Anyway, getting off topic.
How long before we see some refined bendy light theories from the FEs.
Quantifiable predictions. When can we see some?
Well with the images i took in the sinking ship experiment
The distance was 20.0km from a height of 1m.
The lighthouse has an elevation of 80.5m and is 38.7m tall.
http://www.lighthouse.net.au/lights/WA/Rottnest%20Main/Rottnest%20Main.htm (http://www.lighthouse.net.au/lights/WA/Rottnest%20Main/Rottnest%20Main.htm)
There is something like 40m hidden behind the curve of the Earth.
Or the light has bent 40m over 20km.
Thats 2m per kilometer.
Cmon FEs. Put something together. It's been weeks.
Resurrection
http://bovitz.com/photo/traditional/jpgphotos/2005/Rays-of-light-through-cloud.jpg
What about sunbeams like these? There should be noticeable curvature of the light beams.
FE explanation please.
Well with the images i took in the sinking ship experiment
The distance was 20.0km from a height of 1m.

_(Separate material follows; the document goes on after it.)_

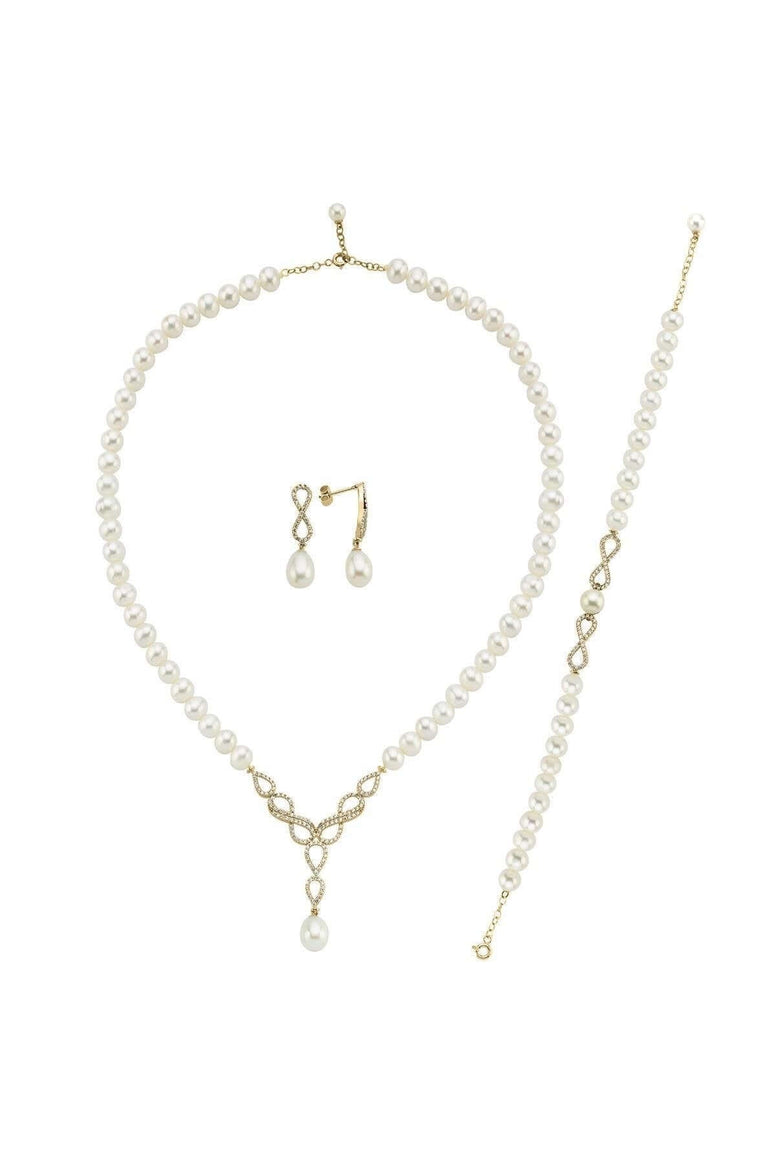 Sonsuzluk Taşlı Doğal İncili Küpe Kolye Bileklik Üçlü Set | | Birinci1926

The lighthouse has an elevation of 80.5m and is 38.7m tall.
http://www.lighthouse.net.au/lights/WA/Rottnest%20Main/Rottnest%20Main.htm (http://www.lighthouse.net.au/lights/WA/Rottnest%20Main/Rottnest%20Main.htm)
There is something like 40m hidden behind the curve of the Earth.
Or the light has bent 40m over 20km.
Thats 2m per kilometer.
Cmon FEs. Put something together. It's been weeks.
Converting units from my earlier calculation of the curve in inches per mile per mile, the light should have bent by about 15.7 metres over a distance of 20 kilometres.
Resurrection
http://bovitz.com/photo/traditional/jpgphotos/2005/Rays-of-light-through-cloud.jpg
What about sunbeams like these? There should be noticeable curvature of the light beams.
FE explanation please.
To head off possible Tom Bishop explanations...
No it isn't glare in the camera lens. Here is a picture that I took showing the same effect.
http://img376.imageshack.us/img376/4479/godsfingersza7.jpg
It is definitely something that you can see without holding a camera to your eye.